── Supplied data
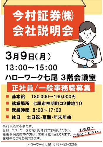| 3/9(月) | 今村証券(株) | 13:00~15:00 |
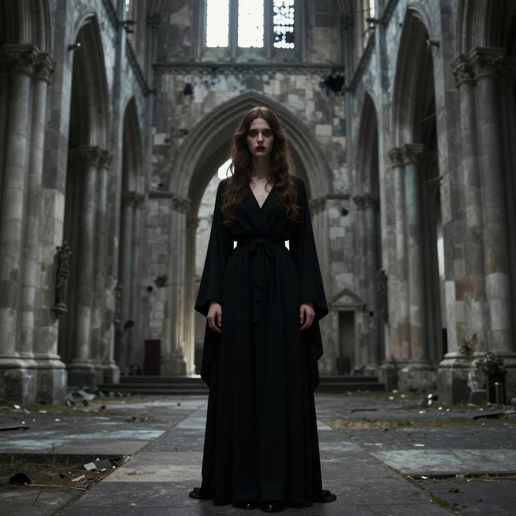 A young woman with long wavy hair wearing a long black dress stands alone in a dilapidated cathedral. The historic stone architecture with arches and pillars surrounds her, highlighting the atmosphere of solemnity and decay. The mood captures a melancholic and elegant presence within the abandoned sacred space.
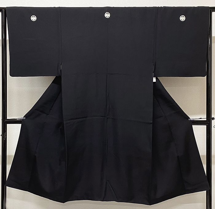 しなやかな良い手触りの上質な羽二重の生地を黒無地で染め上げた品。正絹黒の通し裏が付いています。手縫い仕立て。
────
Task details:
Every line of the data above is to be repeated exactly; the images are to be left out.

Solution to this problem:
| 3/9(月) | 今村証券(株) | 13:00~15:00 |
 A young woman with long wavy hair wearing a long black dress stands alone in a dilapidated cathedral. The historic stone architecture with arches and pillars surrounds her, highlighting the atmosphere of solemnity and decay. The mood captures a melancholic and elegant presence within the abandoned sacred space.
 しなやかな良い手触りの上質な羽二重の生地を黒無地で染め上げた品。正絹黒の通し裏が付いています。手縫い仕立て。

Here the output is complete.